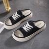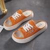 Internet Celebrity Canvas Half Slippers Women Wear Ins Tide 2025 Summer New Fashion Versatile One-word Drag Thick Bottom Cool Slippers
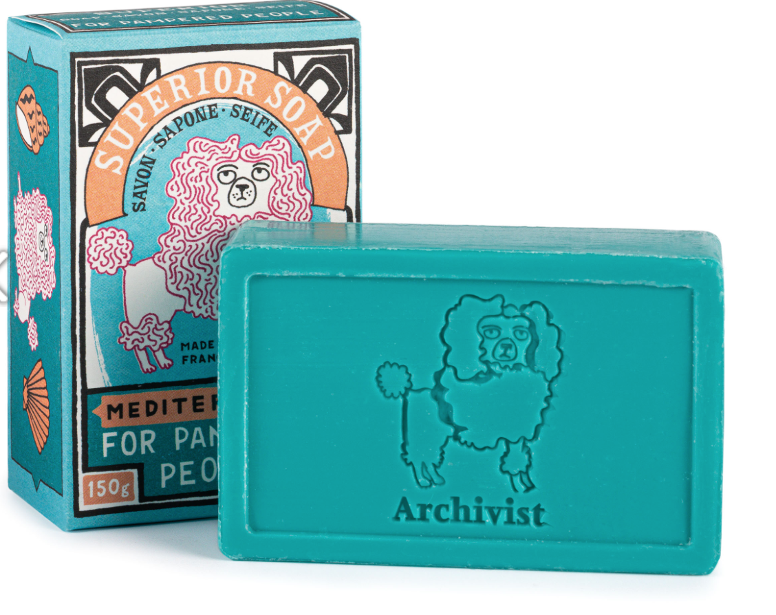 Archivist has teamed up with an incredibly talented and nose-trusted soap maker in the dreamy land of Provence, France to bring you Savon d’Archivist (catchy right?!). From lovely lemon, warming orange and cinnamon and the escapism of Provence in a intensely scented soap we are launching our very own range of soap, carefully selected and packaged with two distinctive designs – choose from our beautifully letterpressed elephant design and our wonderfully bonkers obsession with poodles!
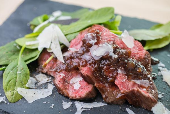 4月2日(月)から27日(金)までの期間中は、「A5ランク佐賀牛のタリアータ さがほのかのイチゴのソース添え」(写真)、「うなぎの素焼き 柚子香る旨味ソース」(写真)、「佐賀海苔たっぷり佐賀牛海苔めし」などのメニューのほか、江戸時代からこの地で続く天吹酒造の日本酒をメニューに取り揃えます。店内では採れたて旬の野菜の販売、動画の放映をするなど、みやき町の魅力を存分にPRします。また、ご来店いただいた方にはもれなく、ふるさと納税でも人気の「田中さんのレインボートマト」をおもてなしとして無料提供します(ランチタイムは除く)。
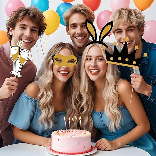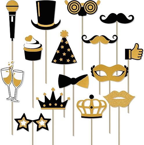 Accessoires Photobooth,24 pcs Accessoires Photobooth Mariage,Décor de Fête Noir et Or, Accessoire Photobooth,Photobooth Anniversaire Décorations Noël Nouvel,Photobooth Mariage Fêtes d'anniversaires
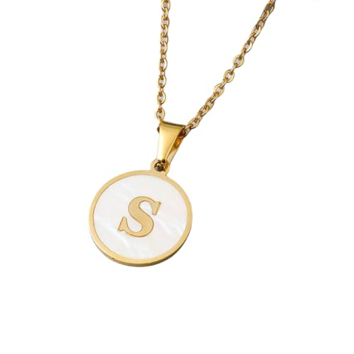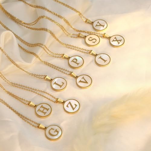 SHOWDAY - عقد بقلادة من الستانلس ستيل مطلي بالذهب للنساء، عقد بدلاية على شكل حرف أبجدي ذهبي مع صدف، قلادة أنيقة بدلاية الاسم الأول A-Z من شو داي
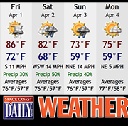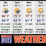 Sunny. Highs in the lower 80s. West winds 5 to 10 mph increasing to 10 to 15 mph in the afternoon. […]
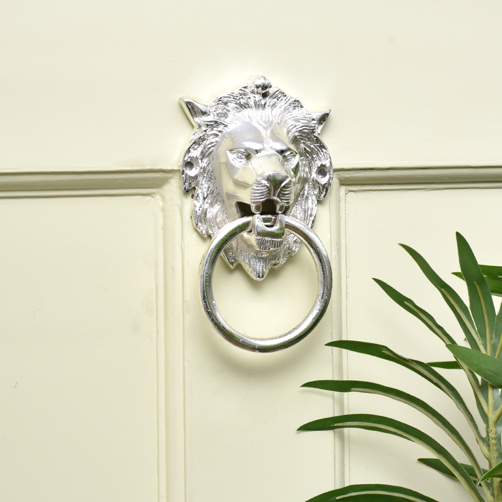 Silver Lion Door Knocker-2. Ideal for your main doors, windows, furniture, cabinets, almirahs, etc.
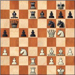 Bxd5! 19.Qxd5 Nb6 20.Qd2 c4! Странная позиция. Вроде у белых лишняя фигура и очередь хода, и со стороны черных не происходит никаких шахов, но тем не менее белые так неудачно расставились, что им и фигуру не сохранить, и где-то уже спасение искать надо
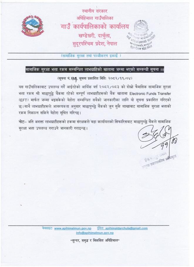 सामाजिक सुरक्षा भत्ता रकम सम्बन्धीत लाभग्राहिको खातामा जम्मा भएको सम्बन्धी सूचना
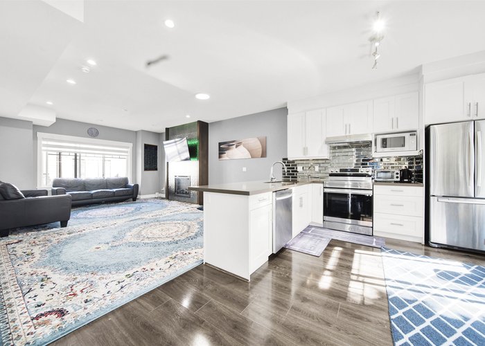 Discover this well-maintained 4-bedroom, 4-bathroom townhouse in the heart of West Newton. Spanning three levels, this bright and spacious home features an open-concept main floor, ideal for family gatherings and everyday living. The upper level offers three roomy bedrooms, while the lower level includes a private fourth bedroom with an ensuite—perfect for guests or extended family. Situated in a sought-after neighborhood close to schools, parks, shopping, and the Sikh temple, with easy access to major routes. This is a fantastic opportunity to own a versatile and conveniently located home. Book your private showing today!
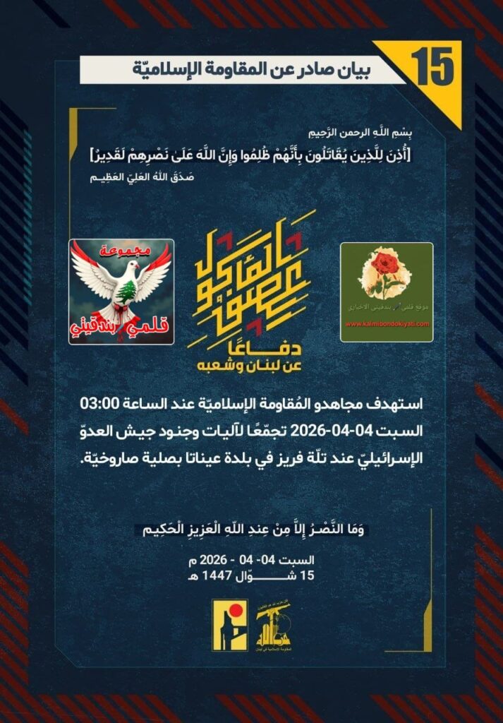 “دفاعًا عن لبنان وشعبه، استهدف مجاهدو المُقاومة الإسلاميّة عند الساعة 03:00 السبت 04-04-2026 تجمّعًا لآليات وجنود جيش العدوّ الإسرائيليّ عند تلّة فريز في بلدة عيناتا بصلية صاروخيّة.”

────

### Assignment
Please transcribe exactly the lines from the start of the records through the line containing "सामाजिक सुरक्षा भत्ता", leaving the pictures out.

### Answer to this problem
 Internet Celebrity Canvas Half Slippers Women Wear Ins Tide 2025 Summer New Fashion Versatile One-word Drag Thick Bottom Cool Slippers
 Archivist has teamed up with an incredibly talented and nose-trusted soap maker in the dreamy land of Provence, France to bring you Savon d’Archivist (catchy right?!). From lovely lemon, warming orange and cinnamon and the escapism of Provence in a intensely scented soap we are launching our very own range of soap, carefully selected and packaged with two distinctive designs – choose from our beautifully letterpressed elephant design and our wonderfully bonkers obsession with poodles!
 4月2日(月)から27日(金)までの期間中は、「A5ランク佐賀牛のタリアータ さがほのかのイチゴのソース添え」(写真)、「うなぎの素焼き 柚子香る旨味ソース」(写真)、「佐賀海苔たっぷり佐賀牛海苔めし」などのメニューのほか、江戸時代からこの地で続く天吹酒造の日本酒をメニューに取り揃えます。店内では採れたて旬の野菜の販売、動画の放映をするなど、みやき町の魅力を存分にPRします。また、ご来店いただいた方にはもれなく、ふるさと納税でも人気の「田中さんのレインボートマト」をおもてなしとして無料提供します(ランチタイムは除く)。
 Accessoires Photobooth,24 pcs Accessoires Photobooth Mariage,Décor de Fête Noir et Or, Accessoire Photobooth,Photobooth Anniversaire Décorations Noël Nouvel,Photobooth Mariage Fêtes d'anniversaires
 SHOWDAY - عقد بقلادة من الستانلس ستيل مطلي بالذهب للنساء، عقد بدلاية على شكل حرف أبجدي ذهبي مع صدف، قلادة أنيقة بدلاية الاسم الأول A-Z من شو داي
 Sunny. Highs in the lower 80s. West winds 5 to 10 mph increasing to 10 to 15 mph in the afternoon. […]
 Silver Lion Door Knocker-2. Ideal for your main doors, windows, furniture, cabinets, almirahs, etc.
 Bxd5! 19.Qxd5 Nb6 20.Qd2 c4! Странная позиция. Вроде у белых лишняя фигура и очередь хода, и со стороны черных не происходит никаких шахов, но тем не менее белые так неудачно расставились, что им и фигуру не сохранить, и где-то уже спасение искать надо
 सामाजिक सुरक्षा भत्ता रकम सम्बन्धीत लाभग्राहिको खातामा जम्मा भएको सम्बन्धी सूचना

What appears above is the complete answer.